Mutation spectrum and frequencies of gene libraries generated with in vivo directed evolution in S. cerevisiae. YeastIT

We developed a novel in vivo mutagenesis tool for protein engineering that leverages S. cerevisiae engineered to exhibit mutagenic activity directed to the gene of interest.
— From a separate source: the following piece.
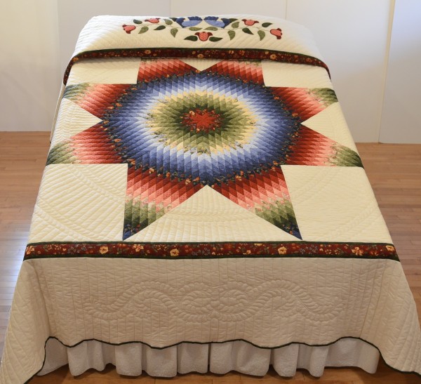 Our Lone Star quilts feature a bonus! Notice the special hand-applique on the pillow portion of the quilt. This design was created by the Amish quilt maker, and it is a perennial favorite.

Mutagenesis is achieved by generating DNA damage through nucleoside deamination followed by introduction of further mutations by harnessing error-prone DNA translesion synthesis. We generated libraries of mitotic spindle protein she1 using two yeast mutator strains and performed UMI-linked nanopore sequencing to identify and characterize the generated mutations.
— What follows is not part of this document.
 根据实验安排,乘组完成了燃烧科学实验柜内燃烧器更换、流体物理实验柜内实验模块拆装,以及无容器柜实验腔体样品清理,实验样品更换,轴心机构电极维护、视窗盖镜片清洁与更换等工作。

我们开发了一种用于蛋白质工程的新型体内诱变工具，该工具借助经过工程改造的酿酒酵母（Saccharomyces cerevisiae，简称S. cerevisiae），使其能够针对目标基因展现定向诱变活性。该诱变过程通过核苷脱氨作用产生DNA损伤，再利用易错DNA跨损伤合成（error-prone DNA translesion synthesis）引入额外突变来完成。我们使用两株酵母诱变菌株构建了有丝分裂纺锤体蛋白SHE1的突变文库，并通过连接唯一分子标识符（Unique Molecular Identifier，UMI）的纳米孔测序技术对所产生的突变进行鉴定与表征。